== EXERCISE ==
When you copy the data, keep every line exactly as written and skip the pictures.

== AVAILABLE DATA ==
★ ★ ★ ★

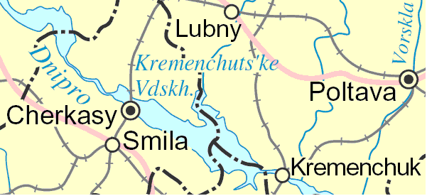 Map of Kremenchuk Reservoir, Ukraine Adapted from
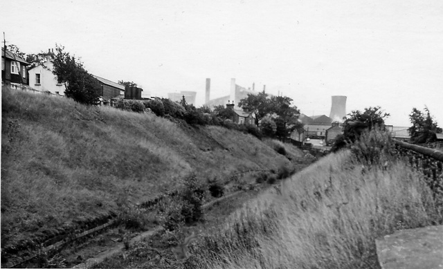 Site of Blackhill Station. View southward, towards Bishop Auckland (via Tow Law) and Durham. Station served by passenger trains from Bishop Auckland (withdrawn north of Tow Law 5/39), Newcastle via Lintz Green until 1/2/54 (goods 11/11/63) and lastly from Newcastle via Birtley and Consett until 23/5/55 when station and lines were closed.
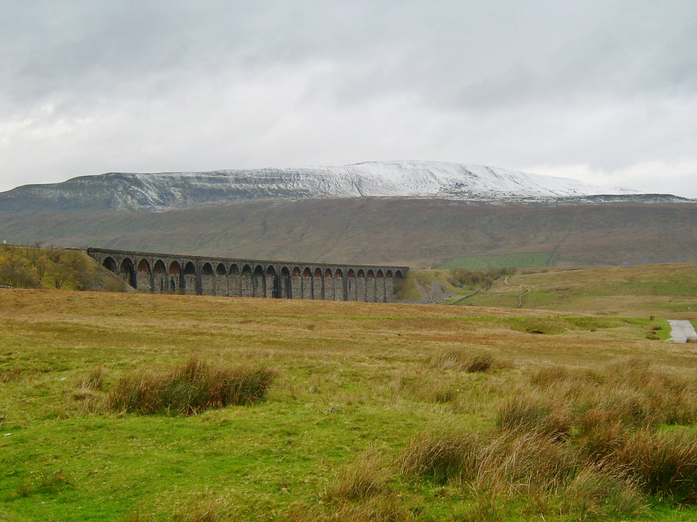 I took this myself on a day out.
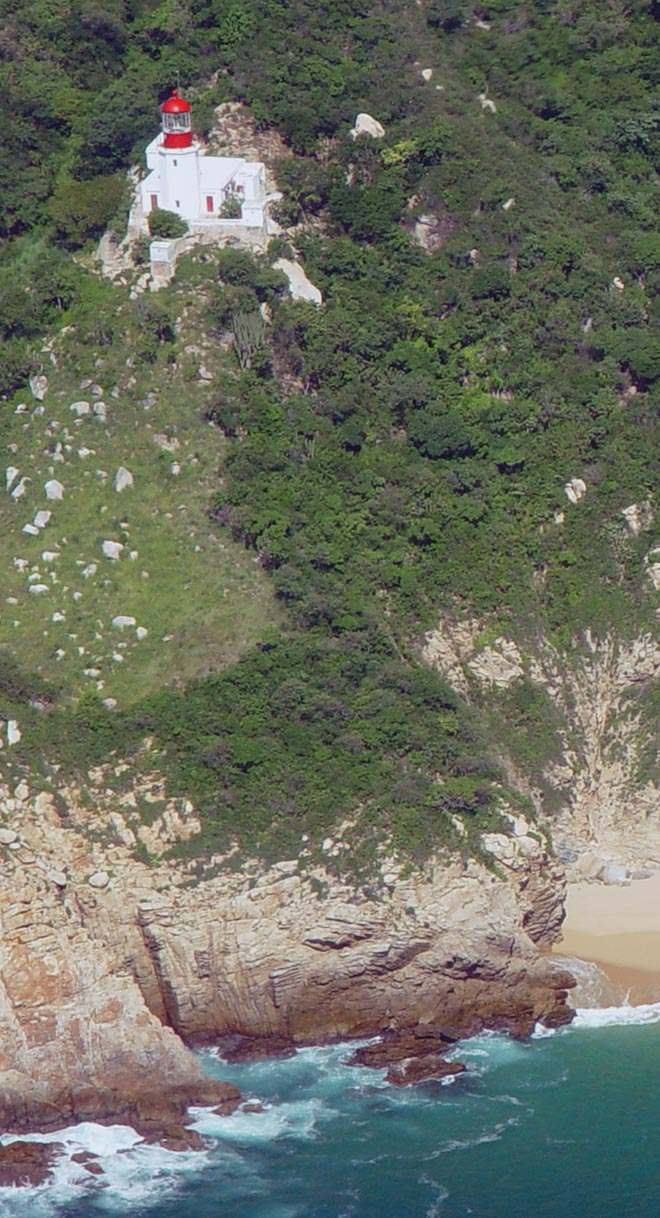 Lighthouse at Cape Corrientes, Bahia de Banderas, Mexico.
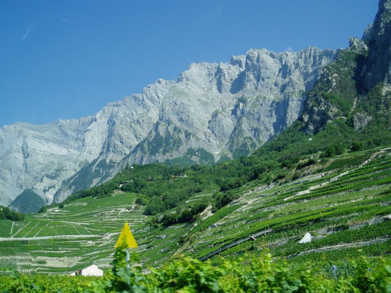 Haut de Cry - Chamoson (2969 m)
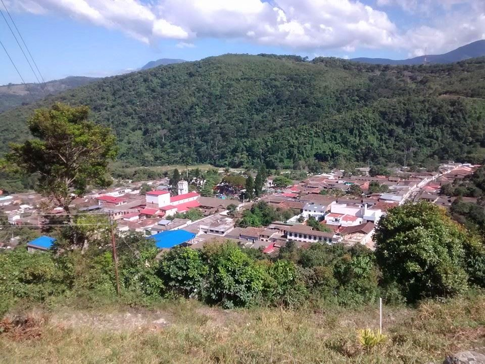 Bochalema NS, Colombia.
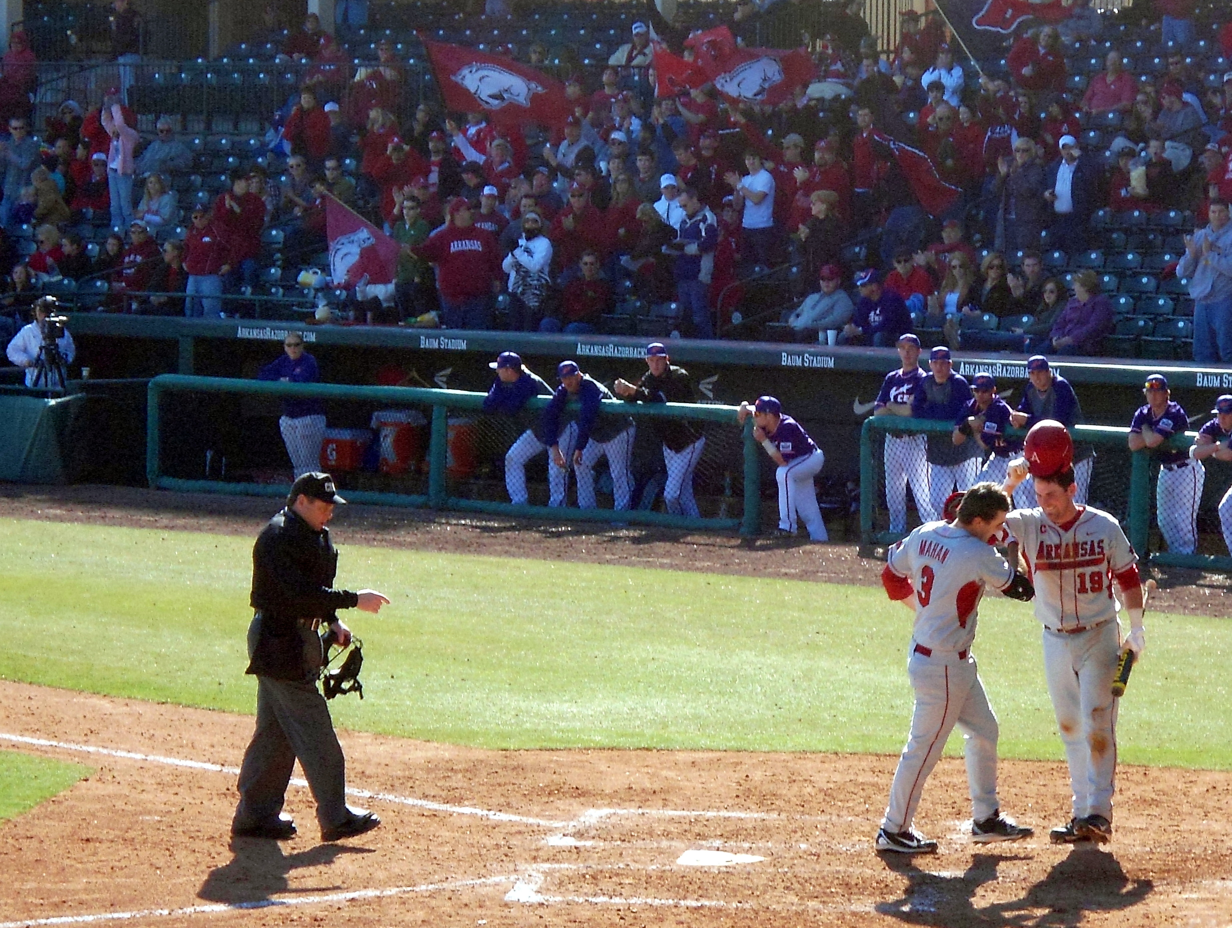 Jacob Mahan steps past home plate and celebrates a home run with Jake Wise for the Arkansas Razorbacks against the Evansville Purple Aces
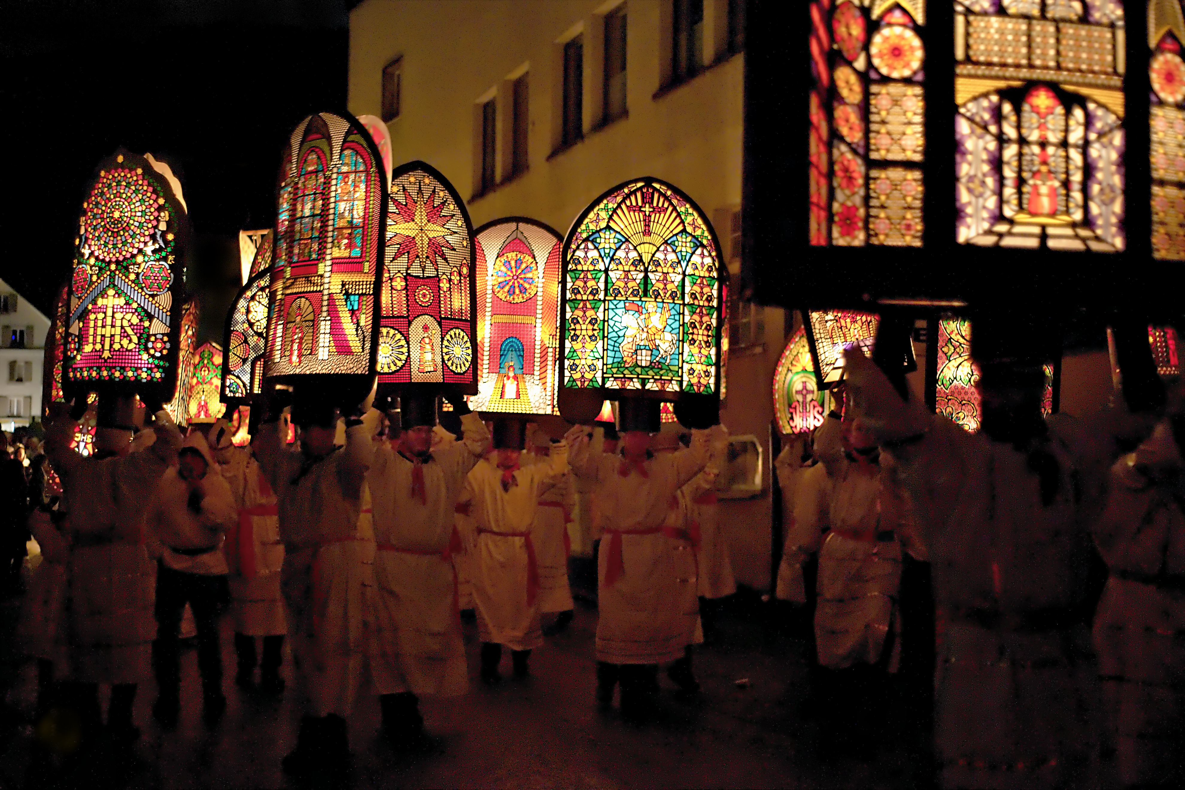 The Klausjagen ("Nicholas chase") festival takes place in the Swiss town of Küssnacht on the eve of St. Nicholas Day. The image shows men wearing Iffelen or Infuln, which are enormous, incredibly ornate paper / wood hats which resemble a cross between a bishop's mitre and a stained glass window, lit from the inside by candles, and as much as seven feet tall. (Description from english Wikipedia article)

★ ★ ★ ★

== FINAL ANSWER ==
 Map of Kremenchuk Reservoir, Ukraine Adapted from
 Site of Blackhill Station. View southward, towards Bishop Auckland (via Tow Law) and Durham. Station served by passenger trains from Bishop Auckland (withdrawn north of Tow Law 5/39), Newcastle via Lintz Green until 1/2/54 (goods 11/11/63) and lastly from Newcastle via Birtley and Consett until 23/5/55 when station and lines were closed.
 I took this myself on a day out.
 Lighthouse at Cape Corrientes, Bahia de Banderas, Mexico.
 Haut de Cry - Chamoson (2969 m)
 Bochalema NS, Colombia.
 Jacob Mahan steps past home plate and celebrates a home run with Jake Wise for the Arkansas Razorbacks against the Evansville Purple Aces
 The Klausjagen ("Nicholas chase") festival takes place in the Swiss town of Küssnacht on the eve of St. Nicholas Day. The image shows men wearing Iffelen or Infuln, which are enormous, incredibly ornate paper / wood hats which resemble a cross between a bishop's mitre and a stained glass window, lit from the inside by candles, and as much as seven feet tall. (Description from english Wikipedia article)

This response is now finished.